=== The task ===
Your answer must consist of exactly the lines below, starting with the line with "RecognizerIntent、アプリから音声認識する" and going on through the line with "Placebo (n = 20) |", and nothing else.

=== Source information ===
-=-=-

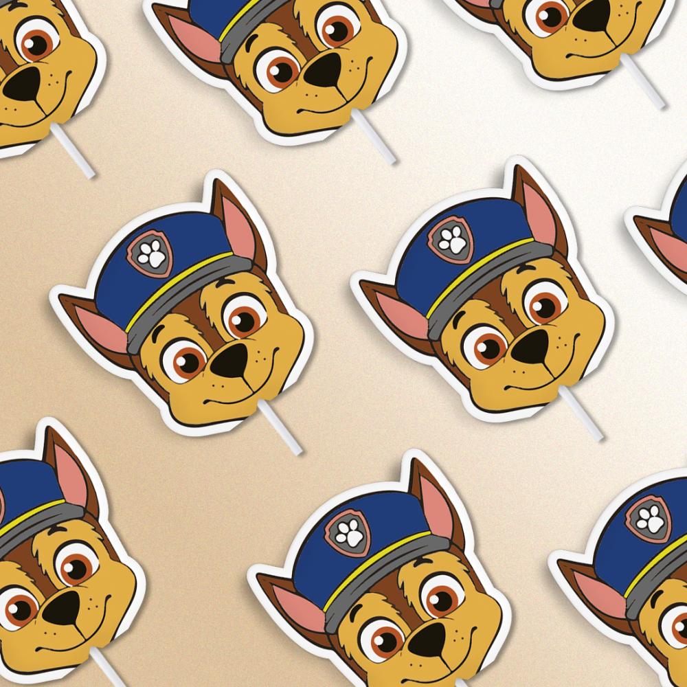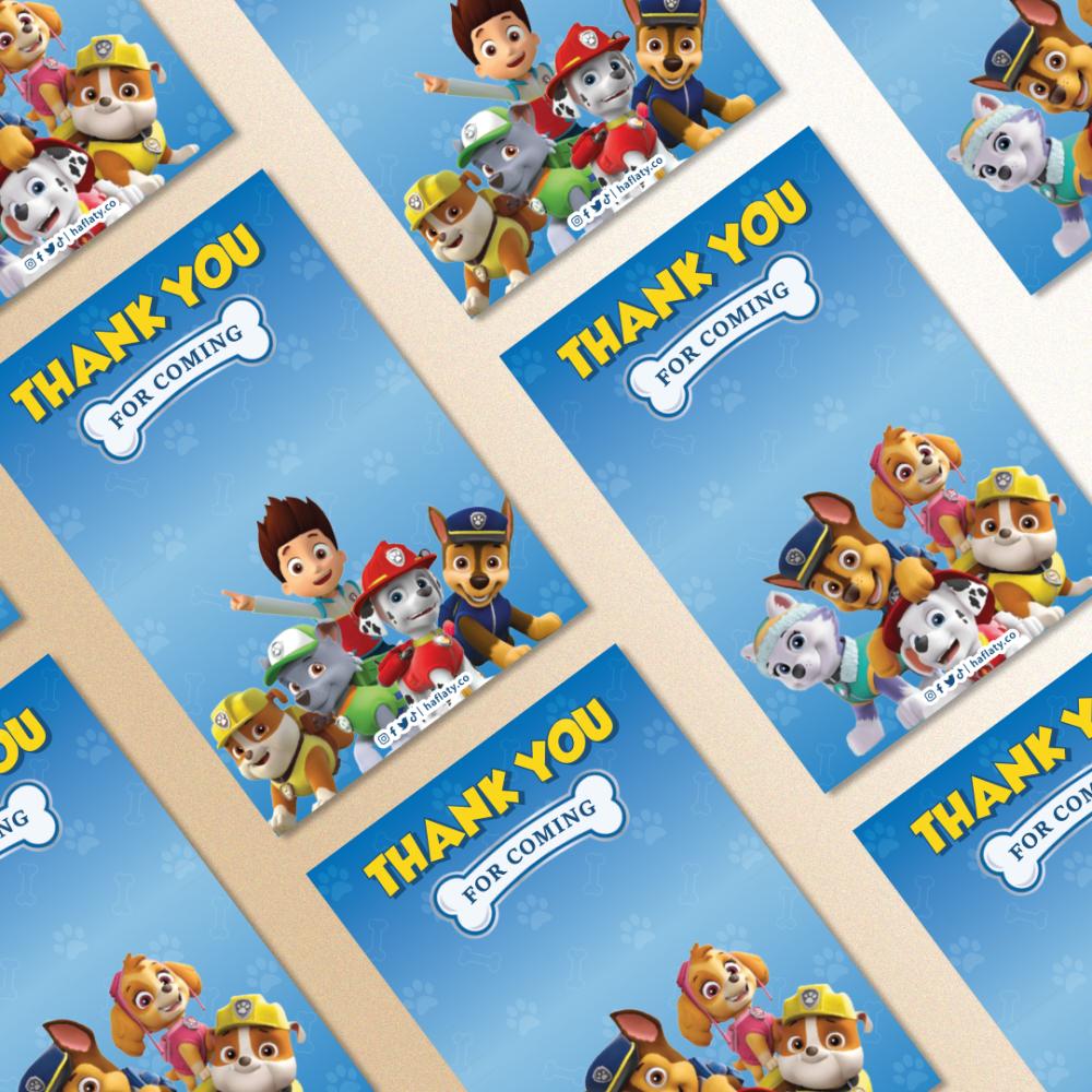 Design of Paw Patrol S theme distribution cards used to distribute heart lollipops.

-=-=-

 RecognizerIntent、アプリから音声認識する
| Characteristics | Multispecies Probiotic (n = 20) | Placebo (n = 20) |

-=-=-

=== Task output ===
 RecognizerIntent、アプリから音声認識する
| Characteristics | Multispecies Probiotic (n = 20) | Placebo (n = 20) |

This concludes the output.